Tom H.
No hard feelings here either.
I guess it comes down to just how much room a course needs around the greens to be playable for the higher handicapper. Maybe when you are considering this you should keep a few things in mind . . .
1. High handicappers very rarely miss long. The vast majority of their mishits are short, not long, especially on uphill holes. George Thomas writes about this fairly extensively.
2. Along the same lines, higher handicappers arent necessarily as directionally challenged as they are often portrayed. When they miss, the ball often doesnt travel far enough to get really seriously offline and pin high. This is why, on approaches, most hacks end up short and a little offline. This is also why your father never met a bunker that he couldnt go around. In contrast, I'll bet he has met a few he couldnt go over.

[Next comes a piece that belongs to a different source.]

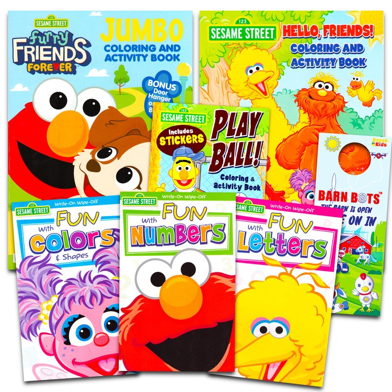 - Over 280 coloring pages total. Great for your Sesame Street and Elmo enthusiast! This coloring and activity book set will provide many hours of learning and fun! Includes Barn Bots door hanger.

3. Higher handicappers aren't necessarily idiots and are quite capable of figuring out that they ought to be aiming for the middle of safety, rather than taking dangerous lines to the pin.
4. Perhaps most importantly, to a high handicapper rocks aren't necessarily any worse than water, extremely high grass, trees, the ocean, or other hazardous conditions. Whether it be, hazard, lost ball, or impossible shot all are pretty much dead.
Undoubtedly, there are some greens at SE narrower than the ones pictured, but there are also quite a few that are as wide or wider. It seemed that many of these holes had a 50 + yard wide corridor of safety at the front of the greens! Looking at these photos and thinking back on the course
just how wide do the corridors have to be before they are wide enough??Granted, the greens often have serious trouble on one side . . . but at what great course is this not the case? Bob mentions CP below . . . CP has very serious trouble in close proximity to the hole on at least one side on many if not most the holes, especially the best ones. Start at 18 and work your way back and tell me when you get to a hole with the kind of forgiveness you expect at SE. How about Sand Hills? Can the hack golfer spray it 30 yards left or right of the green and not be dead? They cant at Pebble. Or how about Rustic, the poster child of forgiveness? Most of the greens have one side that is near or complete death.
Is it possible that the dimensions and the contrast have tricked you? Is it at least possible that in your limited exposure the approaches looked much tighter than they actually are?
Bob Asked:
What is about you guys that refuses to accept Huckaby's point that certain features of Stone Eagle might not be perfect? Why the reluctance to accept his precis?
From what I am reading I get the impression that we are finding the successor to Cypress Point. Please educate me, what am i missing?
I wholeheartedly accept Tom's point that certain features at Stone Eagle might not be perfect. At the same time, I disagree with him regarding whether the approaches were too tight. I guess the reason I care enough to discuss it with Tom is that after a half dozen plays I came away with the opposite impression on this particular issue.
Perhaps if we ever get past this one issue we can have a more productive discussion on some the other provoking features.